• Saved entries

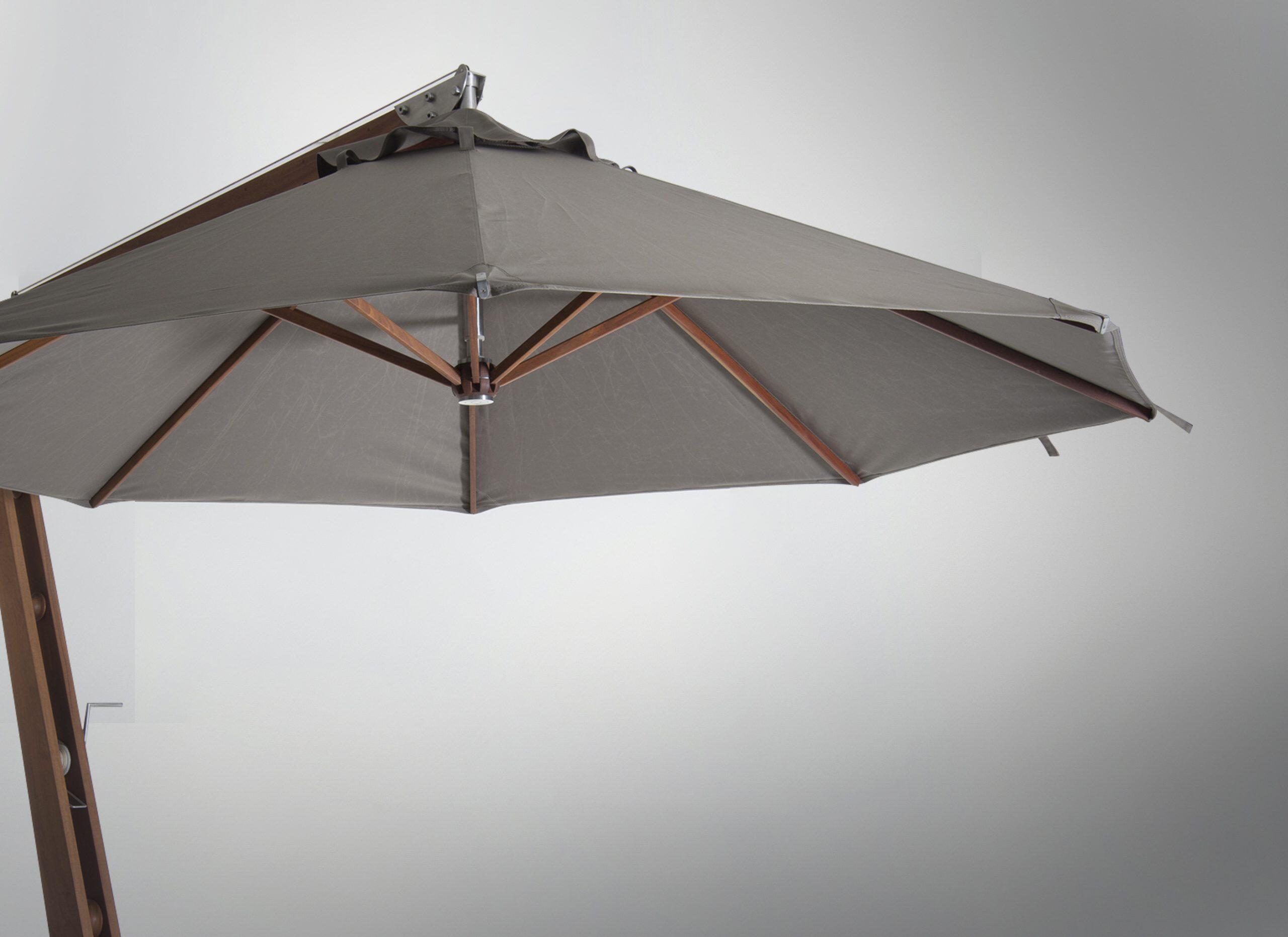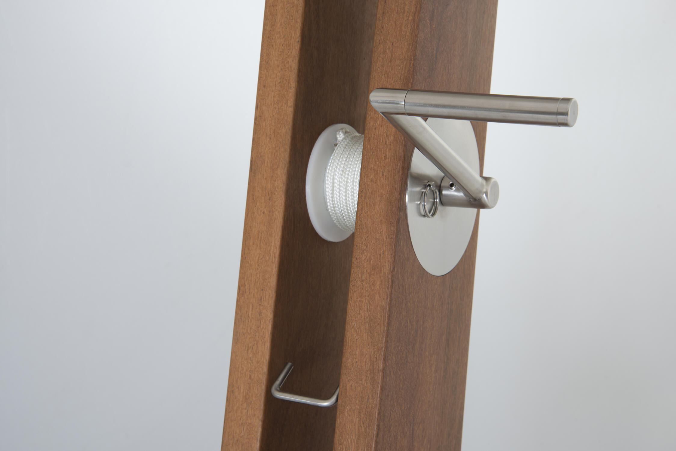 Estructura: Madera dura. Uniones: Acero inoxidable AISI 304 satinado. Cubierta: Lona gruesa 100% acríica, teñida en masa, hidrorepelente y con protección UV (desforrable). Base: Plancha de acero inoxidable AISI 304 con interior de metal pesado. Sistema de abertura con manivela.
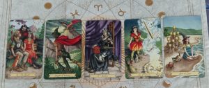 If you’re new to the weekly readings, this is a spread of mine. It’s read from left to right, 5 cards. Any card that needs more interpretation can be built into further, above and below, with either more tarot cards, another tarot deck, or an oracle deck.
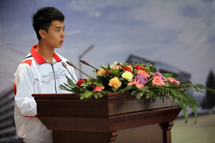 学生代表、轨道3121班的袁春宇同学在会上作了发言。他表示,作为陕铁院的一名在校大学生,能够与众多校友前辈们一起见证学院的光辉历史、荣耀今天和希望明天,感到无比的荣光。他代表陕铁院所有在校学生庄严承诺:与祖国齐奋进,与时代共发展。在校刻苦学习,苦练技能,早日成为国家有用之才,为母校争光添彩!
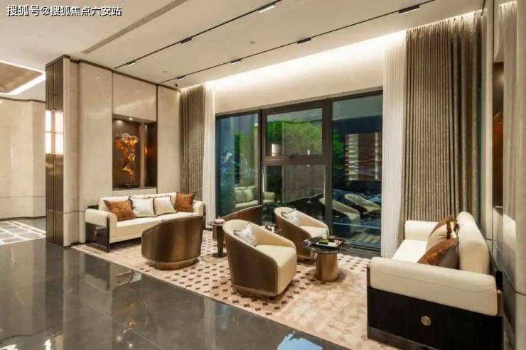 高定酒店式风格入户大堂,气派感十足强化大堂艺术风味;奢华岩板装饰,尽显格调,奢享尊贵归家礼遇;酒店式风格地下光厅大堂,优雅乘梯体验,到达首层即是户特色景观组团和硬质铺装,整体归家仪式感拉满,提升业主尊贵归家仪式。
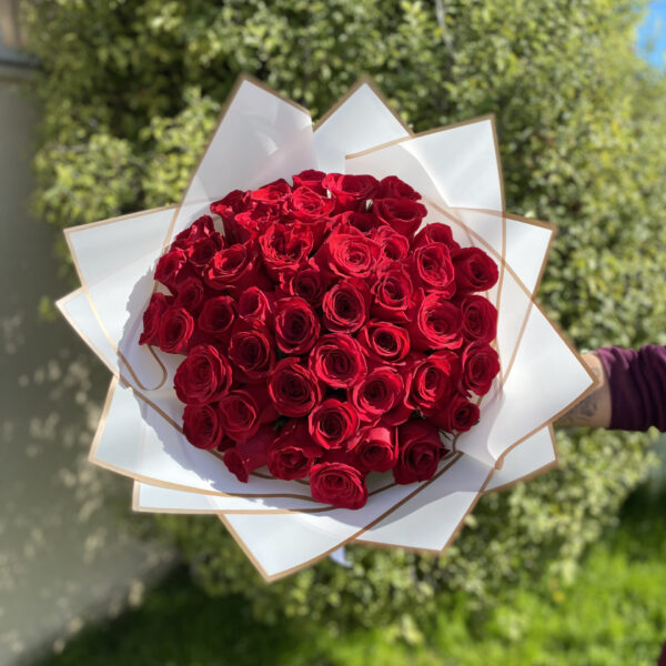 $199.900El precio original era: $199.900.$99.990El precio actual es: $99.990.Sorprende hoy con nuestro Bouquet Exclusivo de 50 rosas rojas, frescas y seleccionadas cuidadosamente, envueltas en papel color blanco, con cintas color blanco y rojo para destacar el color rojo de las rosas. Ideales para cualquier tipo de ocasión.
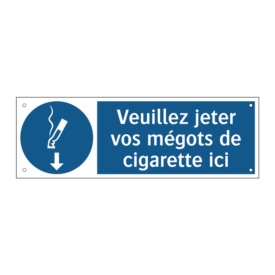 Panneau d'obligation avec le texte : "Veuillez jeter vos mégots de cigarette ici"

• Exercise objective
In repeating the lines above, keep the wording exact and leave every picture out.

• Solution to the problem
 Estructura: Madera dura. Uniones: Acero inoxidable AISI 304 satinado. Cubierta: Lona gruesa 100% acríica, teñida en masa, hidrorepelente y con protección UV (desforrable). Base: Plancha de acero inoxidable AISI 304 con interior de metal pesado. Sistema de abertura con manivela.
 If you’re new to the weekly readings, this is a spread of mine. It’s read from left to right, 5 cards. Any card that needs more interpretation can be built into further, above and below, with either more tarot cards, another tarot deck, or an oracle deck.
 学生代表、轨道3121班的袁春宇同学在会上作了发言。他表示,作为陕铁院的一名在校大学生,能够与众多校友前辈们一起见证学院的光辉历史、荣耀今天和希望明天,感到无比的荣光。他代表陕铁院所有在校学生庄严承诺:与祖国齐奋进,与时代共发展。在校刻苦学习,苦练技能,早日成为国家有用之才,为母校争光添彩!
 高定酒店式风格入户大堂,气派感十足强化大堂艺术风味;奢华岩板装饰,尽显格调,奢享尊贵归家礼遇;酒店式风格地下光厅大堂,优雅乘梯体验,到达首层即是户特色景观组团和硬质铺装,整体归家仪式感拉满,提升业主尊贵归家仪式。
 $199.900El precio original era: $199.900.$99.990El precio actual es: $99.990.Sorprende hoy con nuestro Bouquet Exclusivo de 50 rosas rojas, frescas y seleccionadas cuidadosamente, envueltas en papel color blanco, con cintas color blanco y rojo para destacar el color rojo de las rosas. Ideales para cualquier tipo de ocasión.
 Panneau d'obligation avec le texte : "Veuillez jeter vos mégots de cigarette ici"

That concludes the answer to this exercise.